Come on now you pop in for one comment and that is it? Elaborate some on your comments please.
I'd really like to know what spacer he is talking about that is installed wrong. I've looked at the pistons and I don't see any spacer. I am going to get the reamers that Hughes Engines is talking about and do that to the engine. I'm also going to have new cam bearings installed the way they say to. Better safe than sorry right? I know you already had it running and if I hadn't dropped that damn piston I would most likely have put the engine back together and just installed it the way it was. But since I have it tore down I might as well make sure it will last.

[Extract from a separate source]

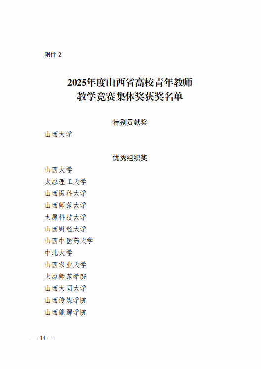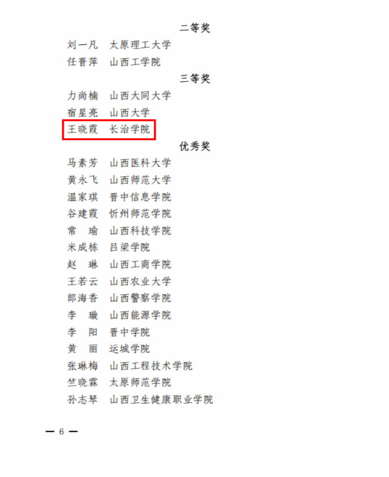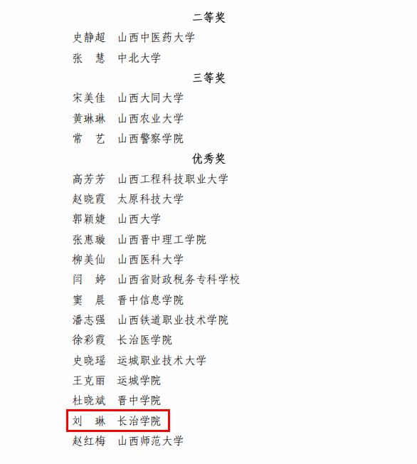 10月26日至10月31日,由山西省总工会、山西省教育厅、山西省教科文卫体工会主办的2025年度山西省高校青年教师教学竞赛决赛在山西大学举行。我校教师王晓霞、刘琳、李蒙召、刘云卿分别参加理科、工科、医科、思想政治四个组别赛事。经过激烈角逐,王晓霞获理科组三等奖,刘琳、李蒙召、刘云卿分别获得工科组、医科组、思政课组优秀奖。长治学院获优秀组织奖。

I'd really like to know what spacer he is talking about that is installed wrong. I've looked at the pistons and I don't see any spacer. I am going to get the reamers that Hughes Engines is talking about and do that to the engine. I'm also going to have new cam bearings installed the way they say to. Better safe than sorry right? I know you already had it running and if I hadn't dropped that damn piston I would most likely have put the engine back together and just installed it the way it was. But since I have it tore down I might as well make sure it will last.
I think this is the spacer he's referring to.
Normally yes, but with certain pistons the oil control ring groove is larger than normal and a spacer is used. If you look close you can see the gap in that spacer. The spacer is kind of red / brown and it's different from the land above it.